Your reproduction of the entries should be exact and should contain no pictures.

[Opening Records supplied section]

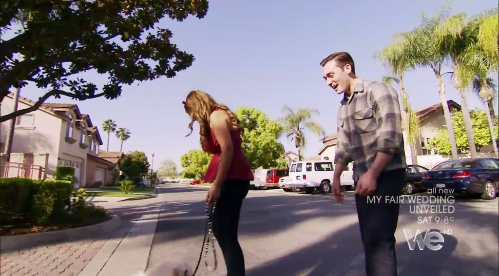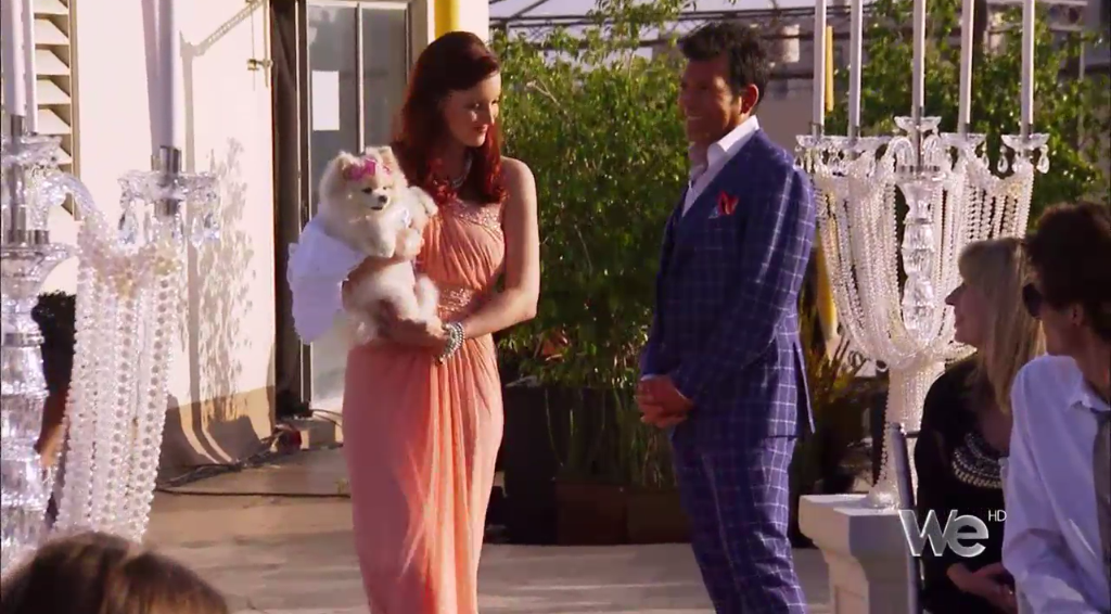 Meanwhile, the bride tries in vain to get her ring bearer to go potty before the ceremony, to avoid any unfortunate accidents. Â Because that’s how dogs work.
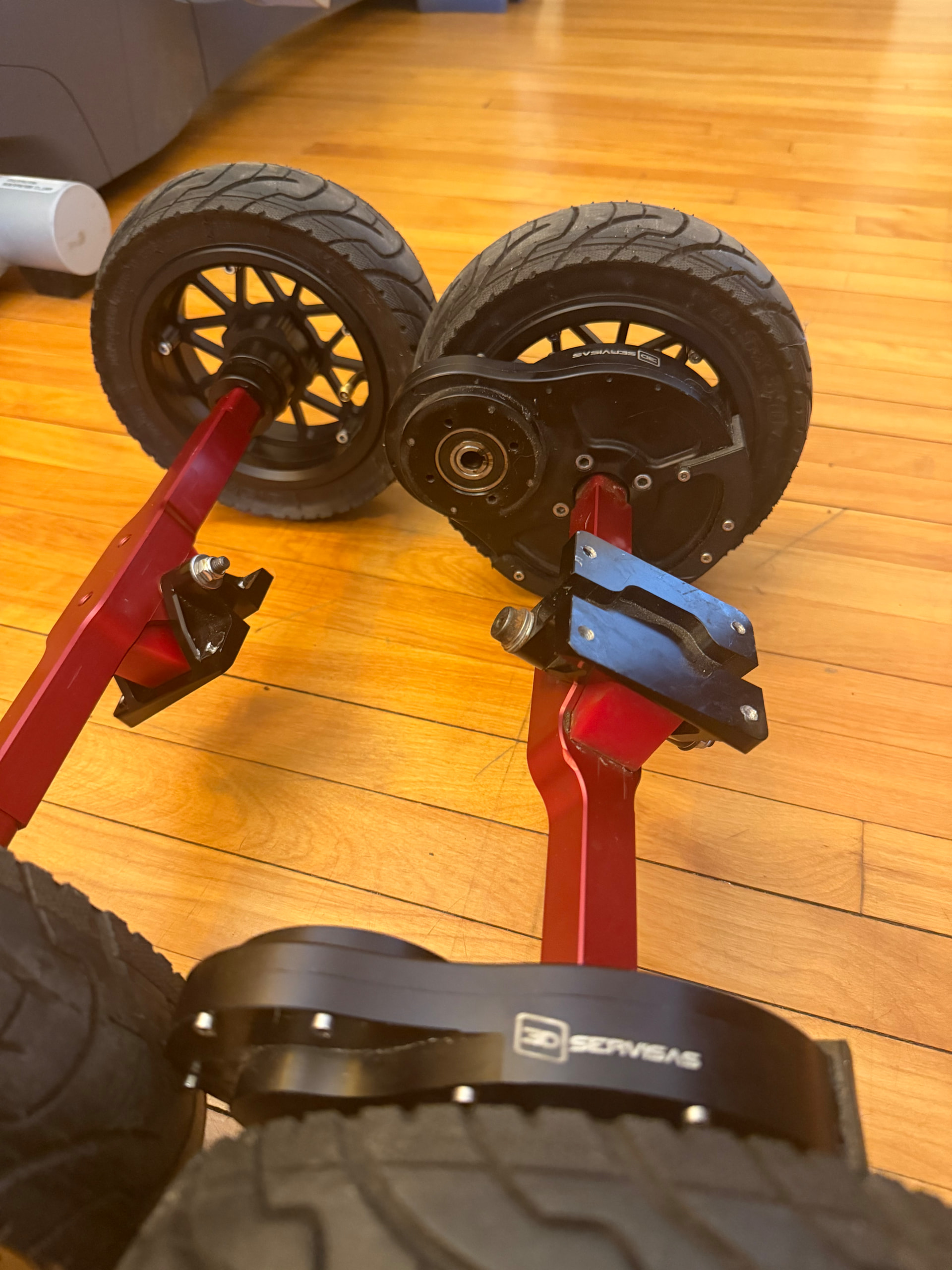 USED - 3DServisas (Gen 1) Finality AT Gear Drive 11/55 (5.1), Red BN Split Angle Trucks, Aluminum Rims (Gen 2) 8.5x3.0 wheels. (3) 8.5x3.0 optional sets of tires are included. - $600 for all listed above (includes shipping)
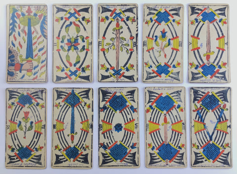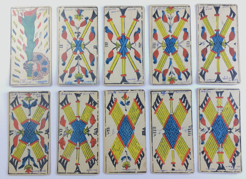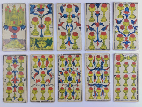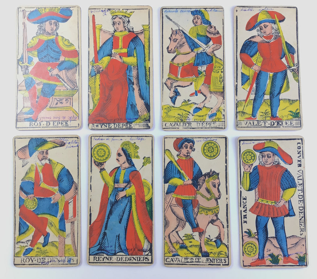 DESCRIPTION: c.1880 Camoin printing of the famous 1760 Tarot de Marseille (TdM), realised with the original 1760 woodblocks of Nicolas Conver. The pearwood moulds were used for more than a century, and, as a result, the Marseilles Tarot by Nicolas Conver has been the subject of several colourings, with colours differing both in the palette used and the distribution of the colours on the surface of the cards.
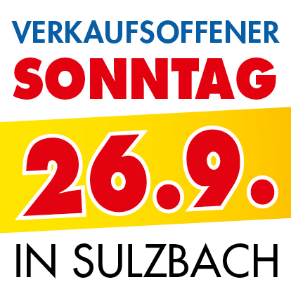 Wenn Sie am Wochenende Lust auf einen gemütlichen Sonntagsbummel haben, dann laden wir Sie am 26.09. gerne zu uns nach Sulzbach ein. Mit großem Marktreiben und vielen Sonderangeboten ist hier für jeden was dabei!
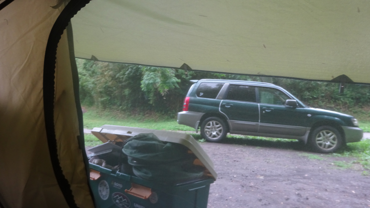 今回は雨が降るのが分かってたけど、やっぱりキャンプしたかったので。
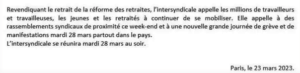 À L’appel de l’intersyndicale une 10ème journée de mobilisations contre la réforme des retraites se déroulera mardi 28 mars.
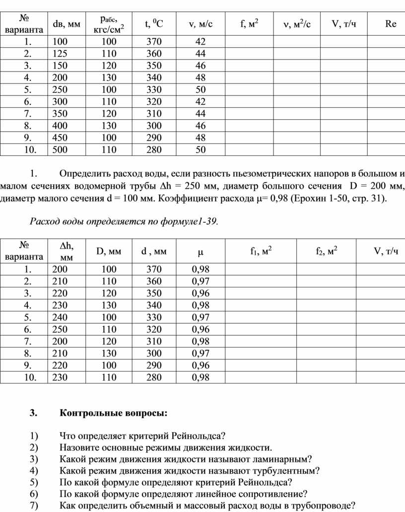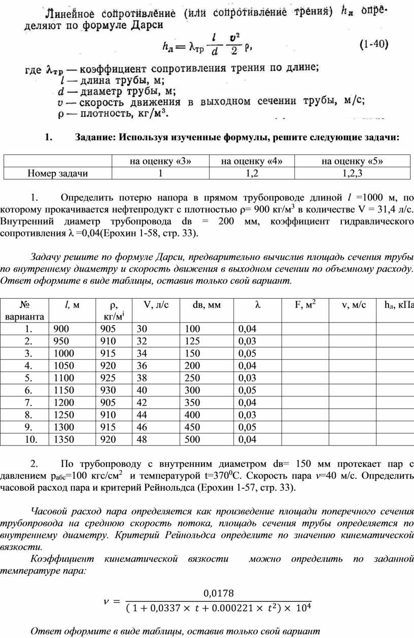 Задачу решите по формуле Дарси, предварительно вычислив площадь сечения трубы по внутреннему диаметру и скорость движения в выходном сечении по объемному расходу. Ответ оформите в виде таблицы, оставив только свой вариант.
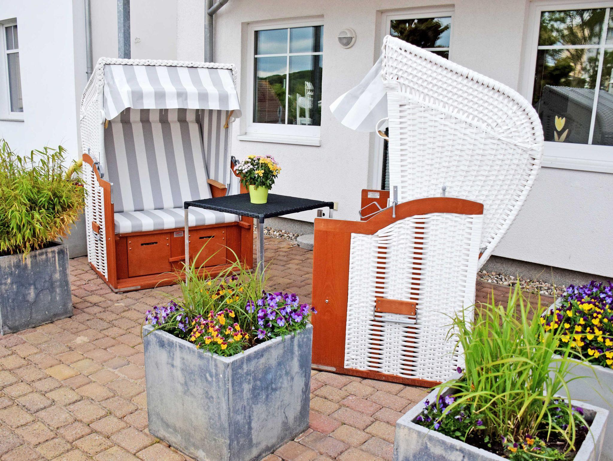 Die große teils überdachte Terrasse mit Strandkörben und Tisch erweitert den Wohnraum. Lange frühstücken, sonnenbaden oder am Abend den Tag beim Sonnenuntergang gemütlich ausklingen lassen, alles ist möglich.

[Closing Records supplied section]

_Exercise answer_:
 Meanwhile, the bride tries in vain to get her ring bearer to go potty before the ceremony, to avoid any unfortunate accidents. Â Because that’s how dogs work.
 USED - 3DServisas (Gen 1) Finality AT Gear Drive 11/55 (5.1), Red BN Split Angle Trucks, Aluminum Rims (Gen 2) 8.5x3.0 wheels. (3) 8.5x3.0 optional sets of tires are included. - $600 for all listed above (includes shipping)
 DESCRIPTION: c.1880 Camoin printing of the famous 1760 Tarot de Marseille (TdM), realised with the original 1760 woodblocks of Nicolas Conver. The pearwood moulds were used for more than a century, and, as a result, the Marseilles Tarot by Nicolas Conver has been the subject of several colourings, with colours differing both in the palette used and the distribution of the colours on the surface of the cards.
 Wenn Sie am Wochenende Lust auf einen gemütlichen Sonntagsbummel haben, dann laden wir Sie am 26.09. gerne zu uns nach Sulzbach ein. Mit großem Marktreiben und vielen Sonderangeboten ist hier für jeden was dabei!
 今回は雨が降るのが分かってたけど、やっぱりキャンプしたかったので。
 À L’appel de l’intersyndicale une 10ème journée de mobilisations contre la réforme des retraites se déroulera mardi 28 mars.
 Задачу решите по формуле Дарси, предварительно вычислив площадь сечения трубы по внутреннему диаметру и скорость движения в выходном сечении по объемному расходу. Ответ оформите в виде таблицы, оставив только свой вариант.
 Die große teils überdachte Terrasse mit Strandkörben und Tisch erweitert den Wohnraum. Lange frühstücken, sonnenbaden oder am Abend den Tag beim Sonnenuntergang gemütlich ausklingen lassen, alles ist möglich.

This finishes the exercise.